– А как же союзные республики?
– Центральной власти, которая содержала республики, нет. А у России нет средств их финансировать. Должно быть новое Содружество, вышедшее из тиранического Союза.
Встревоженный Шеварднадзе ожидал непоправимого
– Да, есть правые силы, готовые установить диктатуру. Это мы чувствуем ежедневно.
И зубы скрытого зла прежней системы обнажились. Встал из ее недр ГКЧП, ввел войска в Москву, в панике готовый вернуть диктатуру и расстрелять защитников демократии, заполнивших всю площадь перед парламентом. Зло обрело зримые формы, выплыв из извечного ритуала, – в дрожании рук испуганных членов ГКЧП, собиравших все нестерпимо демагогичное, которое оказалось совсем не многочисленным. Но армия отказалась стрелять в народ. Казавшаяся вечной скрепа ослабла, потеряла силу.
____
Часть тех людей, которых я знал как отъявленных атеистов, потеряли ориентиры и кинулись в мистику. Наступило время колдунов, целителей, экстрасенсов и предсказателей.
Моя жена Катя зашла на радение "белой ведьмы" Серафимы, заплатив 8 рублей. И с удивлением наблюдала, как в зале корчились в безумии.
Были и изотерические пророчества о будущем. Меня пригласили в Сочи на международный форум по Блаватской, на съезд экстрасенсов, где красавица Тамара Глоба возглашала неслыханные пророчества о конце эпохи Земли, и новой юности Земли, и солнечный ветер снимет информацию каждого, и этот мир пройдет очищение огнем, сожжет Аримана. В ее номере на бывшей даче Сталина, она иронически говорила своим адептам: "Время включило программу свертки, геометрическую регрессию, все пошло в обратном порядке, и нужно отрыть понимание, для чего существует этот мир", и в ее прекрасных глазах была насмешка и неверие ни во что.
***
Открылись все мировые кладовые культуры, запрятанной или запертой и уничтоженной уже непонятной ненавистью или аскетизмом агрессивного тоталитаризма, обострившего ненависть до противостояния: кто – кого?

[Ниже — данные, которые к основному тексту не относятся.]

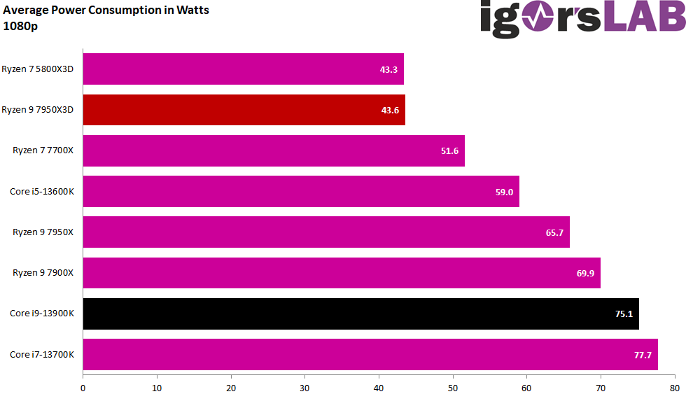 Here too, AMD Ryzen 9 7950X3D showed great power efficiency in gaming. So much so that Igor says “it’s an outright humiliation” for both Intel and other AMD Ryzen 7000 processors.

В литературе и искусстве стало терять прежнее значение безмятежное направление – романтической веры в светлое будущее, куда ведет наша власть, благоговения перед жизнью, наслаждения любовью и природой, отчего исцеляется простая душа. Безопасно и доходно для авторов. Однако оно открыло эпоху гламура, такую же оптимистичную и беззубую. Популярная эстрада пела только о любви и наслаждениях, старые песни о главном….
Советские фильмы оказались киносказками, скрыто противостоящими реальности, или уменьшившими до неразличимости дистанцию между сказкой и жизнью. Это фильмы голливудского типа, в них была атмосфера социальной удачи, энергия социального оптимизма, утверждающего стабильность и ценность мира, и должное поведение в должных обстоятельствах, идентификация с героями и в конце – с обязательной наградой. Примитивность – закон жанра.
В новых исторических романах и фильмах чудилось что-то до оскомины привычное. В очередной раз смотреть, как патриотичные солидные дядьки с длинными бородами в сарафанах, смиренно крестятся, тыкая пальцем в пузо, рассуждают о граде Китеже, отдает банальным русофильством.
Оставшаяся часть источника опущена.